Как очутился он в подобном положении, где приобрел закалку, необходимую, для выполнения этой первой секретной операции, во многом объясняется предыдущим — его жизнью в течение первых десяти лет, включая и три семестра закрытой школы-пансиона.
* * *
Даже теперь отыскать след, оставленный Липси в жизни Пима, — все равно что уловить блуждающий огонек в густой и непроницаемой чаще. Перси Лофту, ныне также покойному, след этот представлялся несущественным. «Фикция Пострела», — говорил он, подразумевая, что Липси — это моя выдумка, вымысел, не имеющий опоры в действительности, но таким вымыслом, не имеющим опоры в действительности, крючкотвор и законник Перси мог бы при желании объявить и Эйфелеву башню, предварительно расквасив об нее нос. На подобной работе он собаку съел. И это несмотря на свидетельства Сида и остальных, что первым «представил ее ко двору» и вовлек в дела не кто иной, как Перси, и было это во времена доисторические, еще до рождения Пима. Мистер Маспоул, человек ученый, теперь тоже отошедший в мир иной, отнесясь к идее с пониманием, поддержал Перси. Ничего удивительного. Сам-то он тоже был тут замешан. Даже Сид, единственный оставшийся в живых источник информации, оказался не столь уж полезен. Она была «немецкой мишенью», беззлобно сказал он, используя это жаргонное словцо для обозначения еврейки. Ему смутно помнилось, что родом она была из Мюнхена. А может — из Вены. Одна как перст, Пострел. Детей обожала. Тебя обожала. То, что она обожала Рика, он не упомянул, но «при дворе» это воспринималось как нечто само собой разумеющееся. Она была милашкой, а «при дворе» все были уверены, что в этом и состоит предназначение милашек — быть рядом с Риком и купаться в лучах его славы. Рик, по доброте своей, сделал из нее секретаря, обучил ее, сказал Сид. А Дороти твоя — та в ней души не чаяла, учила ее английскому, что тоже сыграло свою роль, сказал Сид, после чего он замкнулся, как раковина, обронив лишь, что это стыд и что все мы должны извлечь из этого урок — твой папа, возможно, чересчур уж круто обходился с ней, но это потому, что она никогда не имела твоих преимуществ образования. Да, он признает, что выглядела она прелестно и была в ней какая-то изысканность, которой другим, скажем прямо, возможно, недоставало. И пошутить она любила и похохотать, пока не вспоминала внезапно, как фрицы поступили с ее несчастными родными.

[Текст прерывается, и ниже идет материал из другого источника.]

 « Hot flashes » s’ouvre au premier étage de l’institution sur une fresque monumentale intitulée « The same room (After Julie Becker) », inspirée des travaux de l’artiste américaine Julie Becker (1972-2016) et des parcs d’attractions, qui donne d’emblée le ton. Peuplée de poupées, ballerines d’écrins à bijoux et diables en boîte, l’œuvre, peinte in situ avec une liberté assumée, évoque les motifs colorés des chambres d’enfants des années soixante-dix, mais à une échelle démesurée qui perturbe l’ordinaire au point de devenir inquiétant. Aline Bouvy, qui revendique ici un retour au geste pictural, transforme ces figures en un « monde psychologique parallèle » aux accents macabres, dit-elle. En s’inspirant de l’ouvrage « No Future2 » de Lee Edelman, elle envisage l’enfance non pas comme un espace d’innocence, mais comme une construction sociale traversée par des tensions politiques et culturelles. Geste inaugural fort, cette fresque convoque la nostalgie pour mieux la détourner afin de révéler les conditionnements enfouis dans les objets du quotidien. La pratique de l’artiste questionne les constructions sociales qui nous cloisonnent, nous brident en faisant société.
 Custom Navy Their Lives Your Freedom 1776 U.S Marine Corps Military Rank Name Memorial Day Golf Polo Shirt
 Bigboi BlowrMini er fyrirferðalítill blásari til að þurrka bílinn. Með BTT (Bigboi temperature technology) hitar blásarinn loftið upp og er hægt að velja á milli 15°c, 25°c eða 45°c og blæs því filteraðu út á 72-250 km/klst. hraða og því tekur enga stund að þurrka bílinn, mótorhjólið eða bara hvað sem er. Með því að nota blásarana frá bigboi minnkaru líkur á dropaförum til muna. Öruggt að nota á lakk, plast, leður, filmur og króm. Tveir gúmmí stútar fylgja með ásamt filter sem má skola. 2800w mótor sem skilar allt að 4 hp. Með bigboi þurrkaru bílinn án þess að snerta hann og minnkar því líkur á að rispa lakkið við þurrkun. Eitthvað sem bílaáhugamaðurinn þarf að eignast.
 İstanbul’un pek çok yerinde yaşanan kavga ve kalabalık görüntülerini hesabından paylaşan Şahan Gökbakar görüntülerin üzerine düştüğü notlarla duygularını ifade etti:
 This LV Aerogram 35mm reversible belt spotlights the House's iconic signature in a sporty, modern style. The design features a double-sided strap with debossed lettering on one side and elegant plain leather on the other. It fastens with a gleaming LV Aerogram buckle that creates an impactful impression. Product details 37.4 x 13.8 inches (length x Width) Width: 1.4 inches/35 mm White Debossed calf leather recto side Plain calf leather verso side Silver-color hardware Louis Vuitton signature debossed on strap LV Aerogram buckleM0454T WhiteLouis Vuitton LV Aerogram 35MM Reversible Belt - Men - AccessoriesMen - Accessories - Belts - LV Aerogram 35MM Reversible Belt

Предпринятые мной тайные розыски оказались столь же малопродуктивными. Несколько лет назад, пробравшись в качестве ночного дежурного в неурочное время в картотеку, я принялся искать фамилию Липшиц, имя Анни в генеральном каталоге, но как бы ни писалась эта фамилия, ее там не значилось. Старик Динкель, возглавляющий аналогичную службу в Вене, когда я не так давно рассказал ему всю историю, произвел подобные же розыски, и то же самое, в другой раз, проделал его немецкий коллега в Кельне. Но оба они следов не отыскали.

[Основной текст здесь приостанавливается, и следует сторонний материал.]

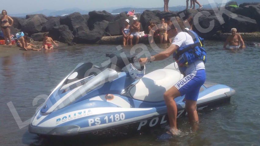 ISCHIA (NA) – Blitz della Polizia questa mattina nel Comune di Ischia. Tutto il lungomare che dalla Spiaggia dei Pescatori porta sino all’Hotel Mira Mare e Castello è stato controllato a tappeto dalle forze dell’ordine. Dal mare sono arrivati gli Acqua scooter e un elicottero, mentre da terra le volanti e le moto della Polizia di Stato hanno fatto la loro comparsa sulla sabbia rovente con gli agenti in borghese che con garbo hanno iniziato i controlli, necessari ad identificare eventuali presenze non gradite, tra i bagnanti. L’operazione alla vigilia di Ferragosto per controlli di routine ma soprattutto per offrire sicurezza alle migliaia di persone che in questi giorni sono in visita sull’isola verde, mira non solo a ripulire le spiagge da eventuali pregiudicati in libera uscita in barba al divieto di soggiorno ma anche a prevenire l’eventuale presenza di spacciatori che in vista del Ferragosto si rendono maggiormente presenti tra i giovani. Dopo un primo momento di smarrimento e preoccupazione tra i bagnanti e mentre gli agenti controllavano alcuni tra i presenti, i bambini in particolare si sono portati presso gli agenti simpatizzando con gli stessi e ammirando da vicino i mezzi in dotazione alle forze dell’ordine.
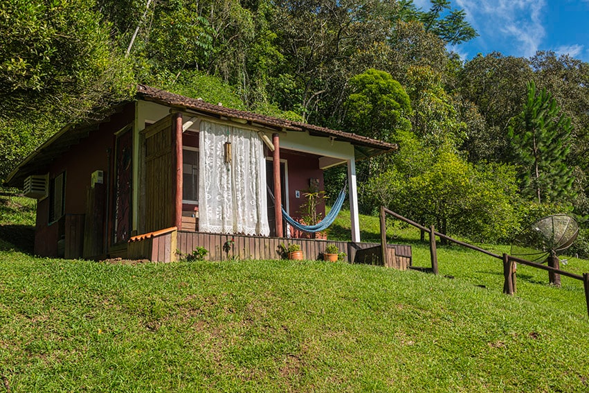 Chalé wurde entworfen, um ein gemütliches Erlebnis zu bieten, um wunderbare Tage inmitten der Natur zu genießen. Ein perfekter Ort, um eine saubere Luft zu atmen und sich am Rauschen des Bachs zu entspannen. Chalé ist ein Loft, ideal für ein Paar mit Kindern. Es verfügt über 2 Queensize-Betten und eine Schlafcouch, in einem offenen Raum ohne Privatsphäre.

Говорить, однако, об отсутствии следов ее в моей памяти не приходится. Высокая, с пушистыми волосами, энергичная, глаза испуганно расширены, и во всем порывистость, ничего не делает медленно. И я помню — это, должно быть, какие-то летние каникулы и мы находимся в очередном нашем доме — временном пристанище, помню, что Пим мечтает разок увидеть ее голой, посвящая все дни измышлению способа, как это сделать. Липси, видимо, об этом догадывается, потому что однажды вечером предлагает ради экономии горячей воды вымыться с ним в одной ванне. Она даже измеряет количество воды в ванне, опустив туда руку. Настоящие патриотки должны наливать воду в ванну лишь на пять дюймов, а Липси патриотка ничуть не меньше, чем иные Голая, она наклоняется, опустив в воду ладонь, предоставляя мне возможность — не без умысла, я уверен в этом — любоваться ее наготой. «Вот, Магнус, — говорит она, протягивая мне мокрую ладонь, — теперь мы знаем точно, что ничем не играем на руку немцам!»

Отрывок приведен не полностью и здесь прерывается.